Hello, I'm trying to delete some metadata, but the...
# troubleshoot
m
Hello, I'm trying to delete some metadata, but the
datahub delete
output is ambiguous, and the data is not gone:
Copy code
❯ datahub delete --entity_type dataset --platform kafka --hard 
This will permanently delete data from DataHub. Do you want to continue? [y/N]: y
[2022-04-11 10:17:22,059] INFO     {datahub.cli.delete_cli:200} - datahub configured with <http://localhost:8080>
[2022-04-11 10:17:22,182] INFO     {datahub.cli.delete_cli:212} - Filter matched 22 entities. Sample: ['urn:li:dataset:(urn:li:dataPlatform:kafka, 
... (22 urns) 
]
This will delete 22 entities. Are you sure? [y/N]: y
100% (22 of 22) |################################################################################################################################################################################################################| Elapsed Time: 0:00:01 Time:  0:00:01
Took 6.673 seconds to hard delete 0 rows for 22 entities
the gms debug log shows 22 successful delete actions, but the output of the command says
0 rows
The data is not deleted. What can I do to a. troubleshoot this further b. actually delete the data ?

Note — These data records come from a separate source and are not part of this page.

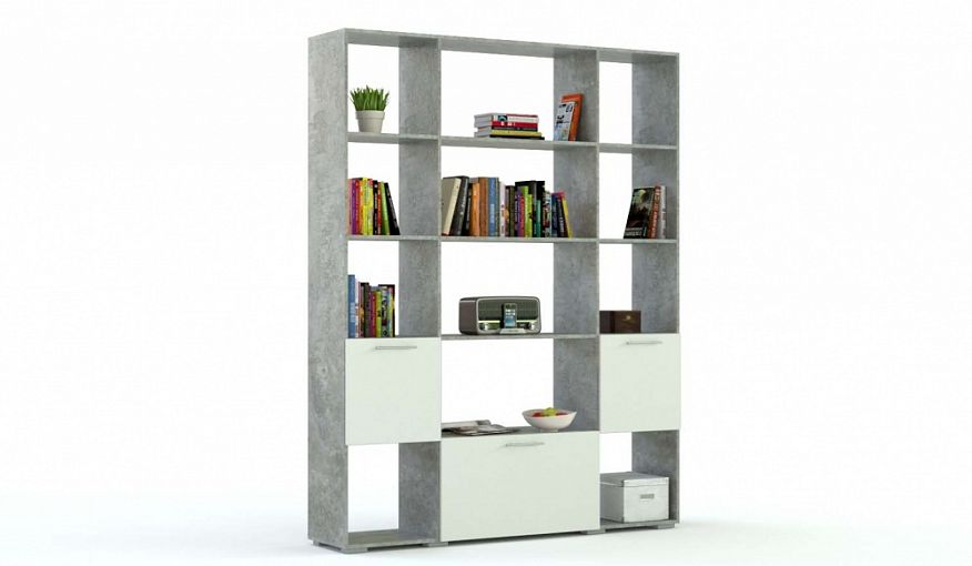 Стеллаж Брайс 1 BMS разместит большое количество вещей благодаря комбинированной конструкции. Крупногабаритный, но при этом визуально легкий стеллаж станет альтернативой книжному шкафу и удобен для зонирования. Модель, выполненная в нейтральных серо-белых тонах, оборудована как открытыми секциями для школьных принадлежностей и декоративных мелочей, так и вместительными глухими отделениями. Купить стеллаж Брайс 1 BMS по доступной цене вы сможете в нашем интернет-магазине.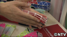 新開発した生地は三角の所に特殊な樹脂をプリントすることで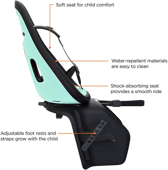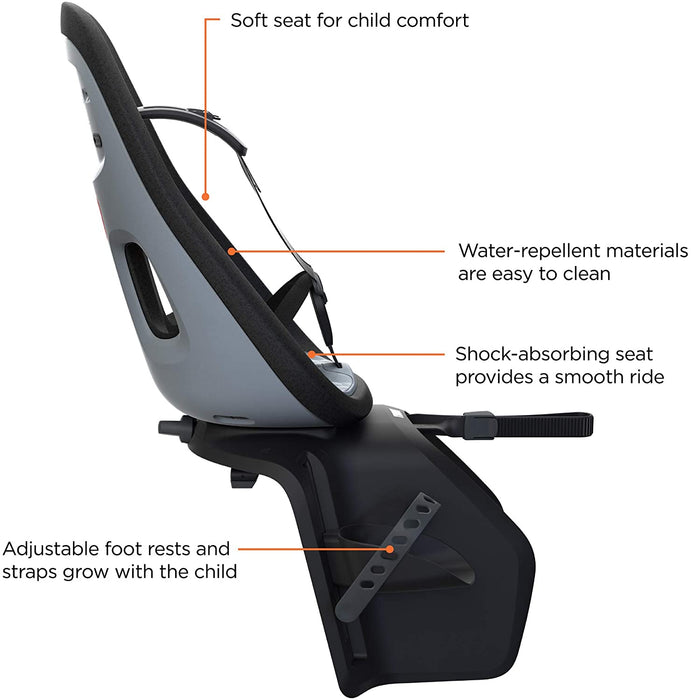 • Lightweight rear-rack-mounted child bike seat with a contemporary design and premium child comfort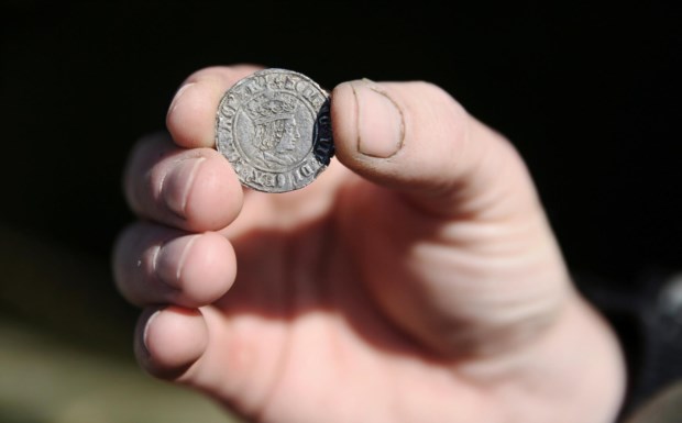 Uma moeda com o rosto de Henrique VII (Rei da Inglaterra de 1485 até sua morte), retirada das margens do Tamisa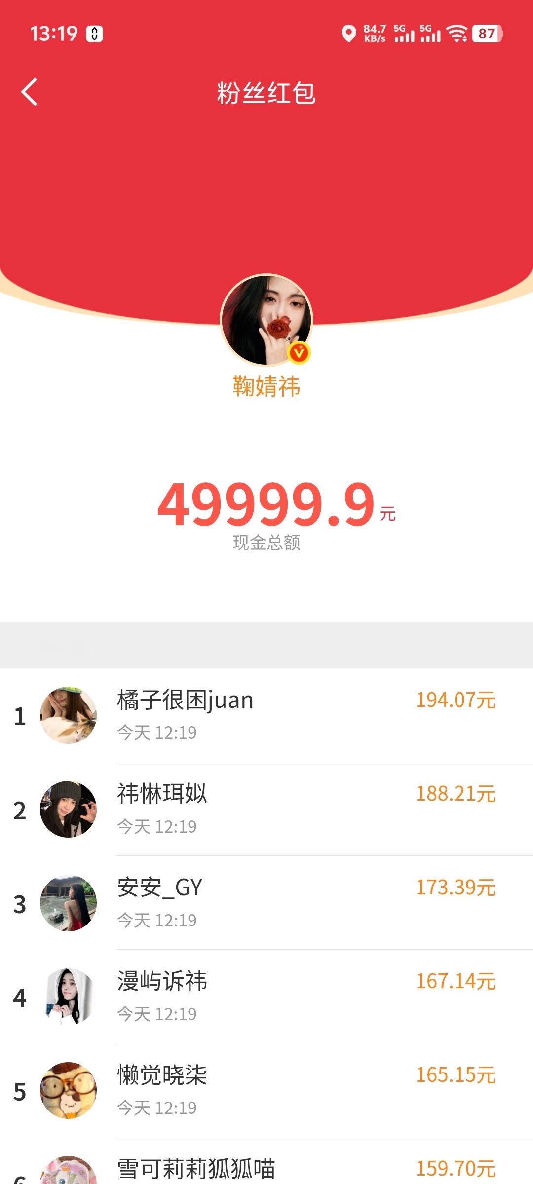 鞠婧祎20万红包明星红包 鞠婧祎出手厉害了,一个红包5万,一下发了20万的红包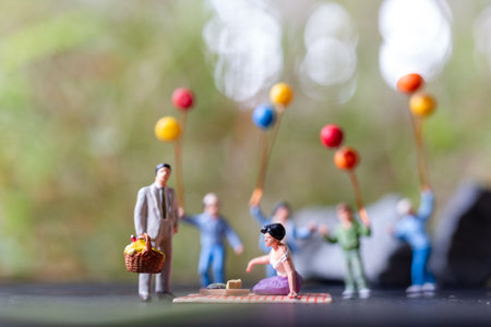 Miniature people : Happy family sitting on the mat during a picnic in a park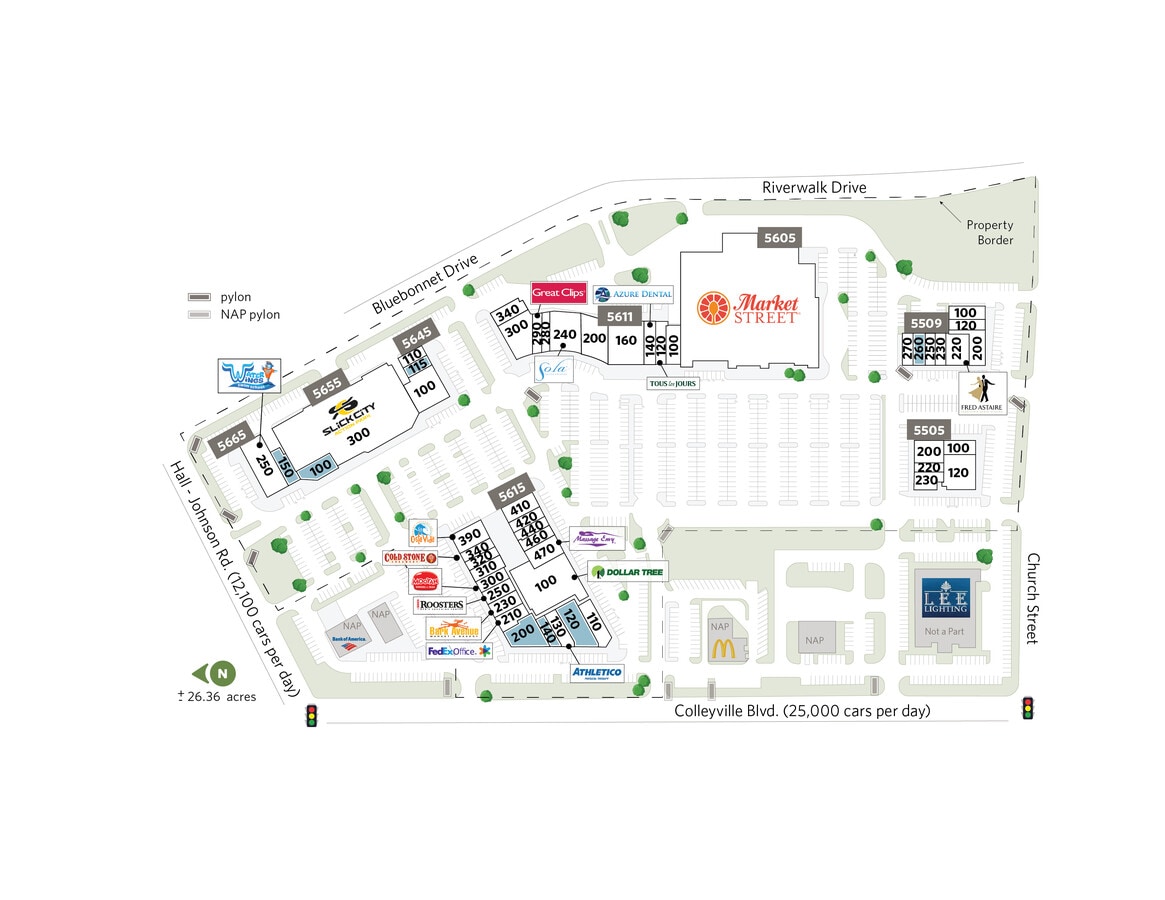 - Rejoignez les locataires existants : Market Street, Cold Stone Creamery, FedEx Office, AT&T Wireless, Massage Envy, Great Clips, Pet Supermarket, Azure Dental.

Maybe of interest: the 22 URNs where ingested in a single ingestion run. When I try the
datahub ingest rollback
for that run, I see a similar effect:
Copy code
This rollback  deleted 0 entities and rolled back 0 aspects
showing first 100 of 0 aspects  reverted by this run
followed by a list of 100 aspects.
e
For debugging, could you try removing --hard and see if it successfully soft removes these entities?
m
soft delete output:
Copy code
Took 7.678 seconds to soft delete -1 rows for 22 entities
Notice the
-1
The main difference now is that they no longer appear in the UI, and in the graphql api, I can see that
status.removed=true
Of course, now I can not hard delete them anymore using
--platform kafka
Hard deleting them one by one seems to work though.